We relied on the C standard library functions fgets() and scanf() for HTTP parsing in Chapter 5, Writing a Server the Old-Fashioned Way, and in Chapter 6, Doing I/O Right, with Event Loops, we still relied on scanf. However, these began to feel increasingly clunky when driven by libuv’s asynchronous, buffer-based I/O design. Although the code we wrote performed reasonably well, it did so at the expense of handling certain real-world edge cases.
We’ll solve these problems by introducing another external C library: the node.js http-parser library,[56] which is a low-level C library that is tightly integrated with libuv in the node.js core.
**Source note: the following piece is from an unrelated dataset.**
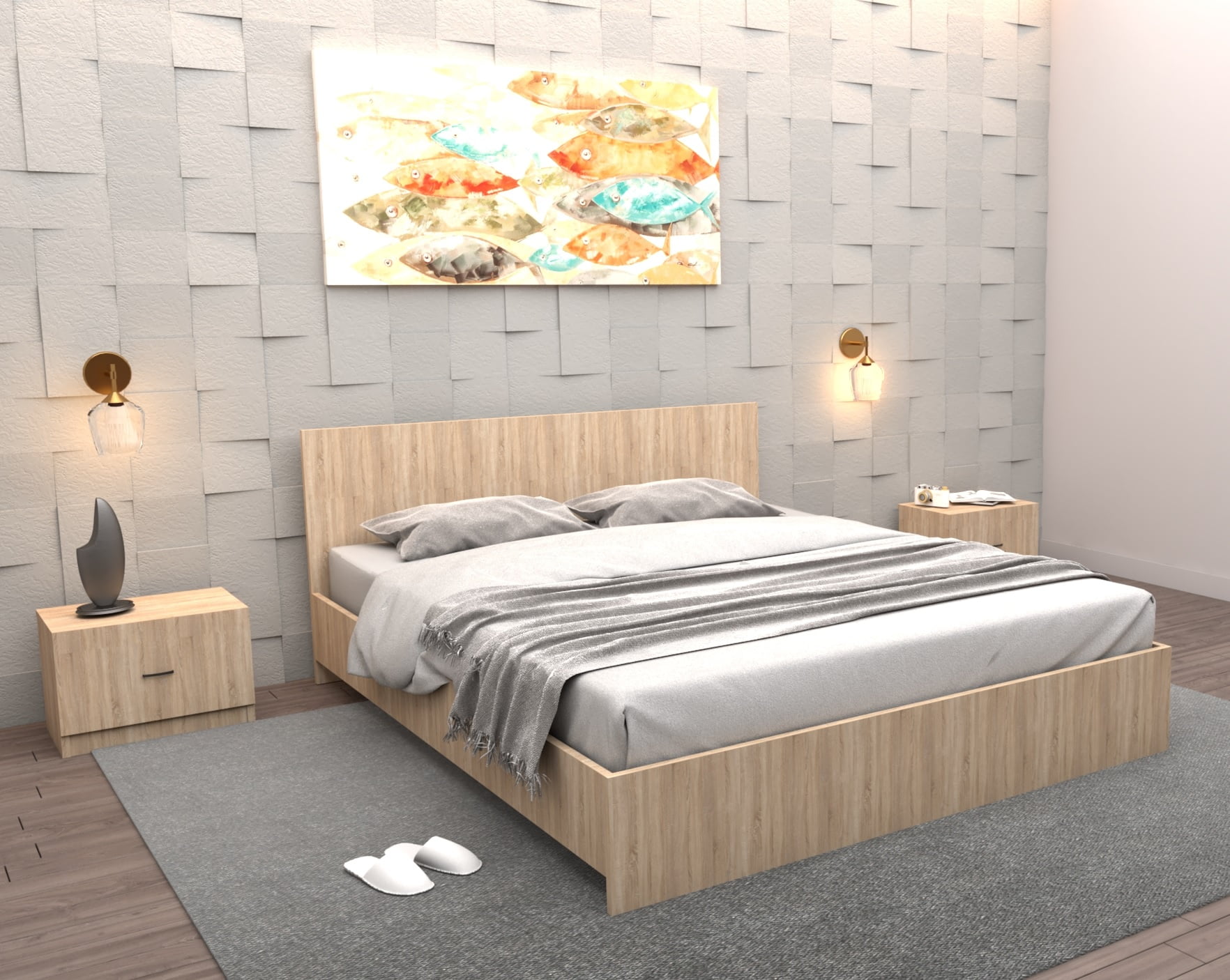 Patul Lorena Sonoma este realizat dintr-un material de calitate superioară, fiind robust și durabil. Cu o dimensiune de 160 cm lățime și 200 cm lungime, acesta este potrivit pentru un dormitor confortabil și modern. Patul vine cu o saltea confortabilă și două seturi de noptiere pentru a completa aspectul general al camerei. Cu un design elegant și simplu, patul Lorena Sonoma este alegerea perfectă pentru a adăuga un aspect elegant și modern camerei de dormit.

http-parser and libuv really do go together like peanut butter and jelly; the parser API has just a handful of methods we’ll need to call, and two structs. Unlike with our libuv and libcurl bindings, we won’t be able to model these as opaque pointers. Instead, we’ll need to correctly model all of the external-facing fields of the parser object so we can pull out its state when needed.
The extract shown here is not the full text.